Resumo: Entendimento da base de dados

In [1]:
import pandas as pd
import numpy as np

In [2]:
dados = pd.read_excel('../Dados/Kaggle_Sirio_Libanes_ICU_Prediction.xlsx', thousands = ',', decimal = '.')
dados.head()

Unnamed: 0,PATIENT_VISIT_IDENTIFIER,AGE_ABOVE65,AGE_PERCENTIL,GENDER,DISEASE GROUPING 1,DISEASE GROUPING 2,DISEASE GROUPING 3,DISEASE GROUPING 4,DISEASE GROUPING 5,DISEASE GROUPING 6,...,TEMPERATURE_DIFF,OXYGEN_SATURATION_DIFF,BLOODPRESSURE_DIASTOLIC_DIFF_REL,BLOODPRESSURE_SISTOLIC_DIFF_REL,HEART_RATE_DIFF_REL,RESPIRATORY_RATE_DIFF_REL,TEMPERATURE_DIFF_REL,OXYGEN_SATURATION_DIFF_REL,WINDOW,ICU
0,0,1,60th,0,0.0,0.0,0.0,0.0,1.0,1.0,...,-1.0,-1.0,-1.0,-1.0,-1.0,-1.0,-1.0,-1.0,0-2,0
1,0,1,60th,0,0.0,0.0,0.0,0.0,1.0,1.0,...,-1.0,-1.0,-1.0,-1.0,-1.0,-1.0,-1.0,-1.0,2-4,0
2,0,1,60th,0,0.0,0.0,0.0,0.0,1.0,1.0,...,,,,,,,,,4-6,0
3,0,1,60th,0,0.0,0.0,0.0,0.0,1.0,1.0,...,-1.0,-1.0,,,,,-1.0,-1.0,6-12,0
4,0,1,60th,0,0.0,0.0,0.0,0.0,1.0,1.0,...,-0.238095,-0.818182,-0.389967,0.407558,-0.230462,0.096774,-0.242282,-0.814433,ABOVE_12,1


In [3]:
dados['ICU'].value_counts()

0    1410
1     515
Name: ICU, dtype: int64

### Desafio I e II: 
Pesquisar sobre algoritmos não supervisionados e supervisionados, pesquisar sobre regressão, classificação etc..

# Modulo III

## Video I:
Instanciar modelo logistico de regressão<br>
Logistic Regression é um modelo de classificação, então o mesmo precisa das classificacoes (por exemplo, zero's e um's, binários)

In [4]:
from sklearn.linear_model import LogisticRegression
# https://scikit-learn.org/stable/modules/generated/sklearn.linear_model.LogisticRegression.html

In [5]:
modelo = LogisticRegression()

In [6]:
# Utilizado para limpar e selecionar apenas os dados numericos que vamos usar, x_columns apenas as colunas necessárias, dropna para dropar os valores NaN
x_columns = dados.describe().columns

dados_limpos = dados.dropna()

In [7]:
y = dados_limpos['ICU']
x = dados_limpos[x_columns].drop(['ICU'], axis = 1)

In [8]:
# Para instanciar o fit, é necessário fornecer dois dados, a entrada e saida.
# Entrada = X, saída = Y
# primeiro se fornece todos os dados, depois os que desejamos "prever"

In [9]:
modelo.fit(x, y)

STOP: TOTAL NO. of ITERATIONS REACHED LIMIT.

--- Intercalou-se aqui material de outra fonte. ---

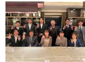
[象山未来塾の様子]
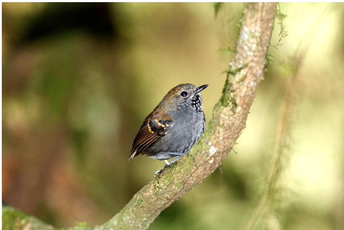
Choquinha-de-garganta-pintada ( Rhopias gularis ).

Increase the number of iterations (max_iter) or scale the data as shown in:
    https://scikit-learn.org/stable/modules/preprocessing.html
Please also refer to the documentation for alternative solver options:
    https://scikit-learn.org/stable/modules/linear_model.html#logistic-regression


LogisticRegression(C=1.0, class_weight=None, dual=False, fit_intercept=True,
                   intercept_scaling=1, l1_ratio=None, max_iter=100,
                   multi_class='auto', n_jobs=None, penalty='l2',
                   random_state=None, solver='lbfgs', tol=0.0001, verbose=0,
                   warm_start=False)

In [10]:
# teste do modelo
modelo.predict([x.iloc[4]])

array([1], dtype=int64)

In [11]:
# validacao do resultado
y.iloc[4]

1

In [12]:
sum(modelo.predict(x) == y)

497

In [13]:
sum(modelo.predict(x) != y)

48

In [15]:
accuracy = sum(modelo.predict(x) == y) / len(y)
accuracy

0.9119266055045872

# Modulo IV:

## Video I:
Métricas e avaliações<br>
Separação dados de treino e teste<br>
Classificacao modelo Dummy para teste

In [16]:
y.value_counts()

0    281
1    264
Name: ICU, dtype: int64

In [39]:
# Dummy classifier é um algoritmo ingenuo, que chuta os valores com base em suas aparicoes
from sklearn.dummy import DummyClassifier 

modelo_dummy = DummyClassifier()
modelo_dummy.fit(x, y)
sum(modelo_dummy.predict(x) == y) / len(y) * 100

49.54128440366973

In [40]:
# Pontuacao para classificar o algoritmo
# https://scikit-learn.org/stable/modules/generated/sklearn.metrics.accuracy_score.html

In [41]:
from sklearn.metrics import accuracy_score

In [43]:
accuracy_score(y, modelo_dummy.predict(x))

0.5266055045871559

In [44]:
# Separacao dos dados de treino e teste

In [47]:
from sklearn.model_selection import train_test_split

In [75]:
# Stratify usado para separar adequadamente os dados para x e y
# como visto em: https://www.bitdegree.org/learn/train-test-split#parameters
# Um valor ideal é de 80:20 para treino e teste
X_train, X_test, y_train, y_test = train_test_split(x, y, stratify=y, random_state = 645, test_size=0.20)

In [76]:
modelo = LogisticRegression()
modelo.fit(X_train, y_train)
y_pred = modelo.predict(X_test)

STOP: TOTAL NO. of ITERATIONS REACHED LIMIT.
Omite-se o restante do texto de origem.